[Action item] Retype all data exactly as given. Pictures should not be retyped.

[Record set]

--

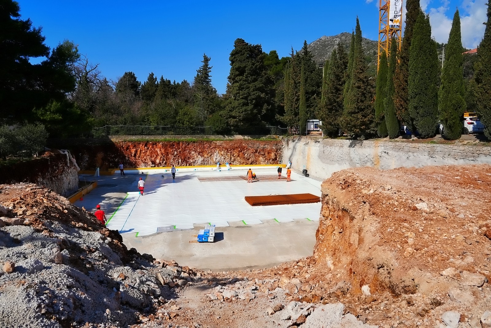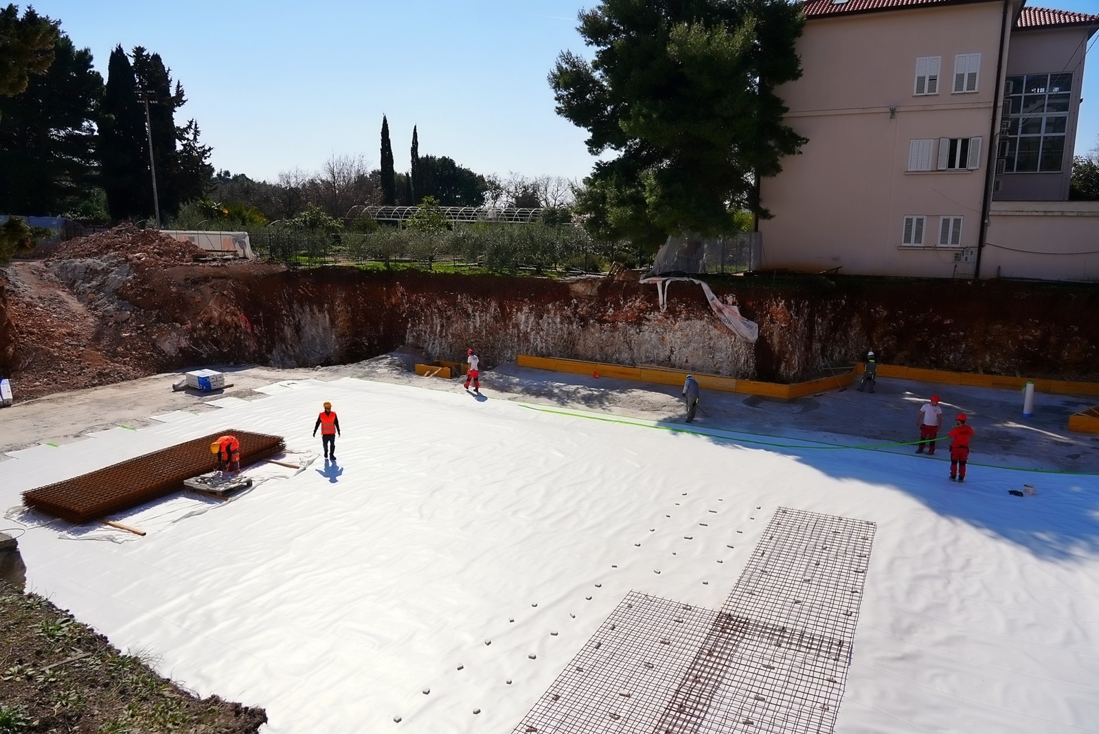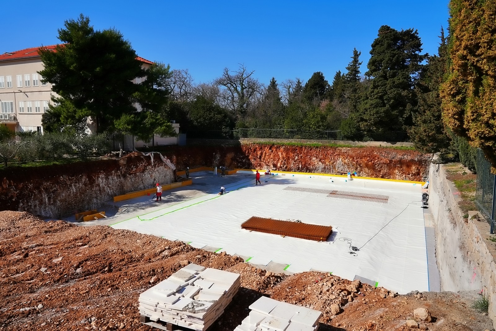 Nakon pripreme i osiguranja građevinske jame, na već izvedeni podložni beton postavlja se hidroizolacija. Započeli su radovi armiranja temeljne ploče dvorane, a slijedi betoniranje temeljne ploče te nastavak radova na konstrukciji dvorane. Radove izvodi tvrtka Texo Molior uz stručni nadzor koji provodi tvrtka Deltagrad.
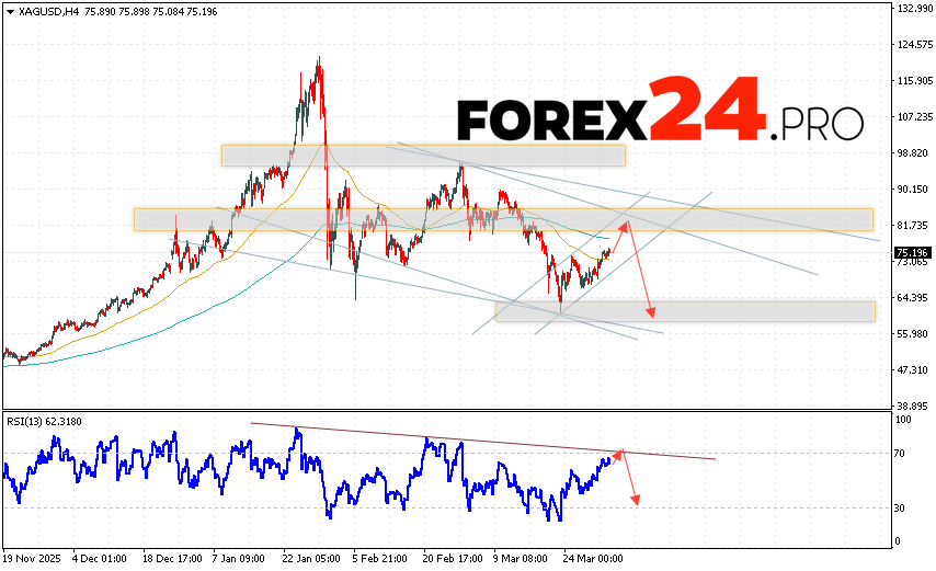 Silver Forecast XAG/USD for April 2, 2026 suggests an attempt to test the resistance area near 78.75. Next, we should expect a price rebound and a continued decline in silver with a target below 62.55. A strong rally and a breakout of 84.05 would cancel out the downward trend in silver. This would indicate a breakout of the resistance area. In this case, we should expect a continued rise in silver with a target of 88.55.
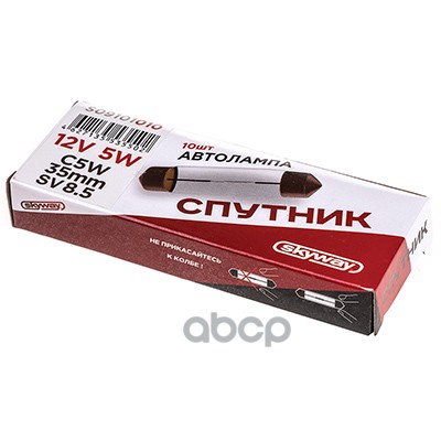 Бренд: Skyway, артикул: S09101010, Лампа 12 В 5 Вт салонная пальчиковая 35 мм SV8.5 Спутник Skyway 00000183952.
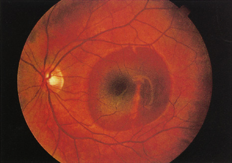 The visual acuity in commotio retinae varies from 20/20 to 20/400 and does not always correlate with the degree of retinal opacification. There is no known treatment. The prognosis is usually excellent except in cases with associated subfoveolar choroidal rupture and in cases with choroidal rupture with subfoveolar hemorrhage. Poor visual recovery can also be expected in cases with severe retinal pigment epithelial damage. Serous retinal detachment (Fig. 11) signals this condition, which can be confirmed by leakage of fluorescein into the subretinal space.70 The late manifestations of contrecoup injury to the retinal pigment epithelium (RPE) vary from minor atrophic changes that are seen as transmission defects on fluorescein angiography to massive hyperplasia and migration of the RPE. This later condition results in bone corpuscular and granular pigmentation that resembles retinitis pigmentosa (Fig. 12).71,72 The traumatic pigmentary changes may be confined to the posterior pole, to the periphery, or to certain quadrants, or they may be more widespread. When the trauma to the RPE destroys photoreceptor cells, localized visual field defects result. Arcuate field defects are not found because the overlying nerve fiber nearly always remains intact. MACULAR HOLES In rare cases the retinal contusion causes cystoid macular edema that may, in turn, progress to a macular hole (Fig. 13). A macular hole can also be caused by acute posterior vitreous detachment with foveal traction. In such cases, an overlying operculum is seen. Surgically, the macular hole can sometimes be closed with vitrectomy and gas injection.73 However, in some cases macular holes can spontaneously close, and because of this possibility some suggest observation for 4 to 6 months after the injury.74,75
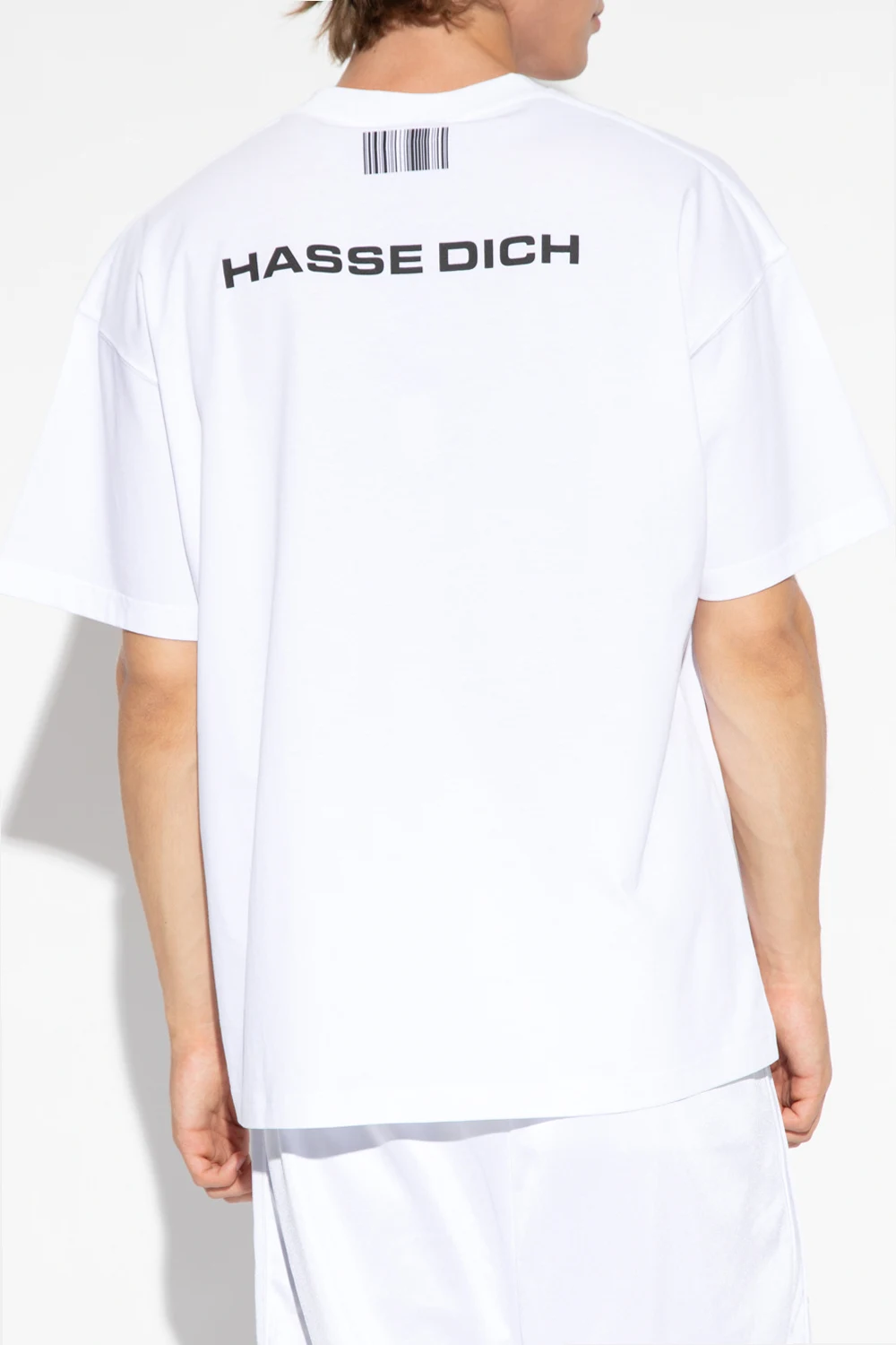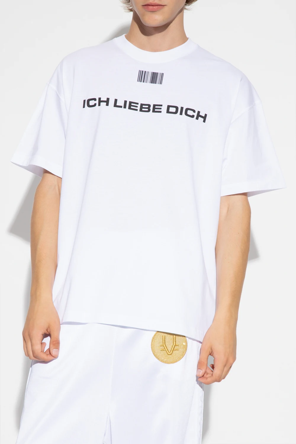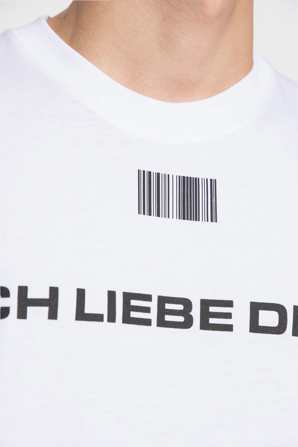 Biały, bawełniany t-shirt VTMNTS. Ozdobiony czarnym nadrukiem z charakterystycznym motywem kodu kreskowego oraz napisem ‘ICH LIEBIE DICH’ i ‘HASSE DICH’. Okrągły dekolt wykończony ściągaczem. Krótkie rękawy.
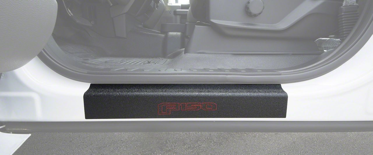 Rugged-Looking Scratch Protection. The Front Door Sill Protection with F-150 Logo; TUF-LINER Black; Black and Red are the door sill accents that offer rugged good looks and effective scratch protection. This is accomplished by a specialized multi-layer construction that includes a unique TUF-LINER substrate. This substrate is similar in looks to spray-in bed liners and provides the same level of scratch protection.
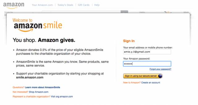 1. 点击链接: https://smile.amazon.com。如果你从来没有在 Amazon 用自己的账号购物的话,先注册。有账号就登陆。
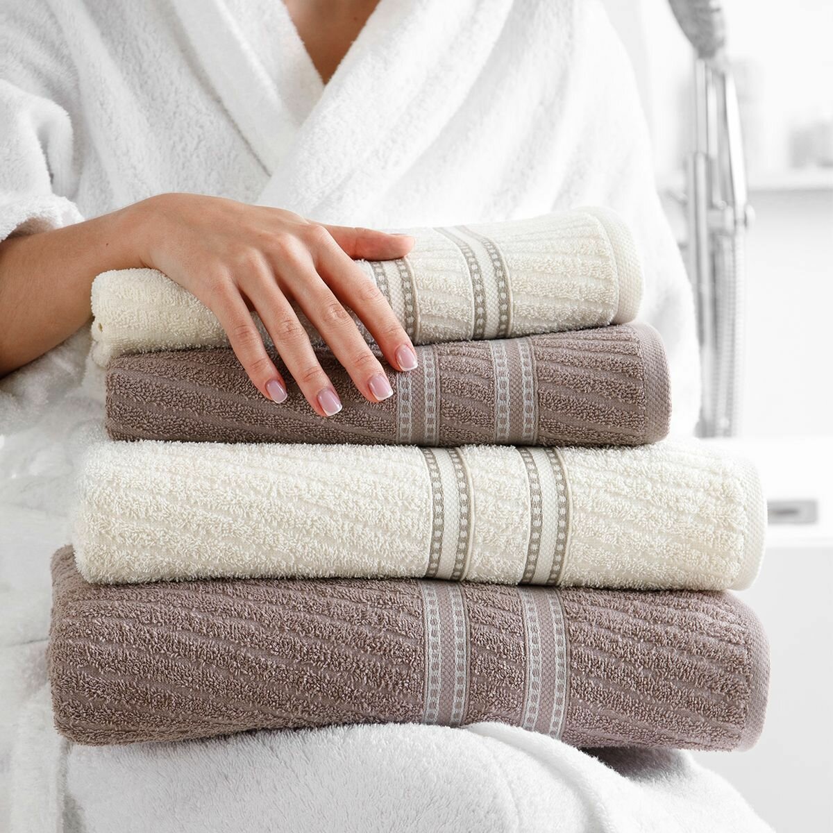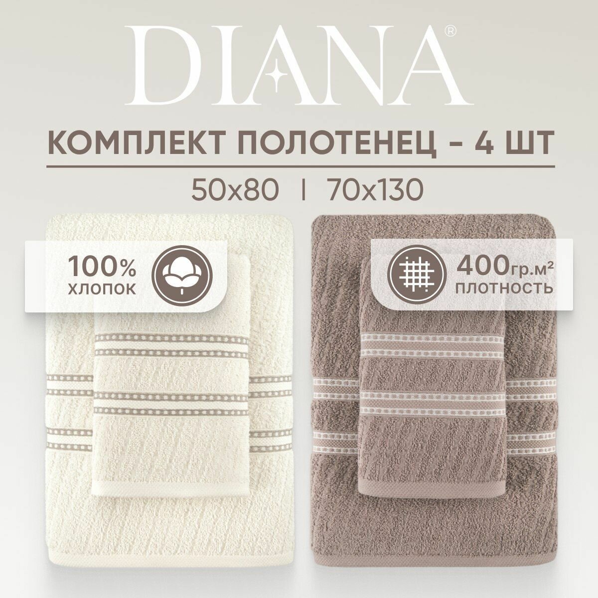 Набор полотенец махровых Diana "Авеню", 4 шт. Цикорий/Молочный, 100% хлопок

--

[Worked solution]
 Nakon pripreme i osiguranja građevinske jame, na već izvedeni podložni beton postavlja se hidroizolacija. Započeli su radovi armiranja temeljne ploče dvorane, a slijedi betoniranje temeljne ploče te nastavak radova na konstrukciji dvorane. Radove izvodi tvrtka Texo Molior uz stručni nadzor koji provodi tvrtka Deltagrad.
 Silver Forecast XAG/USD for April 2, 2026 suggests an attempt to test the resistance area near 78.75. Next, we should expect a price rebound and a continued decline in silver with a target below 62.55. A strong rally and a breakout of 84.05 would cancel out the downward trend in silver. This would indicate a breakout of the resistance area. In this case, we should expect a continued rise in silver with a target of 88.55.
 Бренд: Skyway, артикул: S09101010, Лампа 12 В 5 Вт салонная пальчиковая 35 мм SV8.5 Спутник Skyway 00000183952.
 The visual acuity in commotio retinae varies from 20/20 to 20/400 and does not always correlate with the degree of retinal opacification. There is no known treatment. The prognosis is usually excellent except in cases with associated subfoveolar choroidal rupture and in cases with choroidal rupture with subfoveolar hemorrhage. Poor visual recovery can also be expected in cases with severe retinal pigment epithelial damage. Serous retinal detachment (Fig. 11) signals this condition, which can be confirmed by leakage of fluorescein into the subretinal space.70 The late manifestations of contrecoup injury to the retinal pigment epithelium (RPE) vary from minor atrophic changes that are seen as transmission defects on fluorescein angiography to massive hyperplasia and migration of the RPE. This later condition results in bone corpuscular and granular pigmentation that resembles retinitis pigmentosa (Fig. 12).71,72 The traumatic pigmentary changes may be confined to the posterior pole, to the periphery, or to certain quadrants, or they may be more widespread. When the trauma to the RPE destroys photoreceptor cells, localized visual field defects result. Arcuate field defects are not found because the overlying nerve fiber nearly always remains intact. MACULAR HOLES In rare cases the retinal contusion causes cystoid macular edema that may, in turn, progress to a macular hole (Fig. 13). A macular hole can also be caused by acute posterior vitreous detachment with foveal traction. In such cases, an overlying operculum is seen. Surgically, the macular hole can sometimes be closed with vitrectomy and gas injection.73 However, in some cases macular holes can spontaneously close, and because of this possibility some suggest observation for 4 to 6 months after the injury.74,75
 Biały, bawełniany t-shirt VTMNTS. Ozdobiony czarnym nadrukiem z charakterystycznym motywem kodu kreskowego oraz napisem ‘ICH LIEBIE DICH’ i ‘HASSE DICH’. Okrągły dekolt wykończony ściągaczem. Krótkie rękawy.
 Rugged-Looking Scratch Protection. The Front Door Sill Protection with F-150 Logo; TUF-LINER Black; Black and Red are the door sill accents that offer rugged good looks and effective scratch protection. This is accomplished by a specialized multi-layer construction that includes a unique TUF-LINER substrate. This substrate is similar in looks to spray-in bed liners and provides the same level of scratch protection.
 1. 点击链接: https://smile.amazon.com。如果你从来没有在 Amazon 用自己的账号购物的话,先注册。有账号就登陆。
 Набор полотенец махровых Diana "Авеню", 4 шт. Цикорий/Молочный, 100% хлопок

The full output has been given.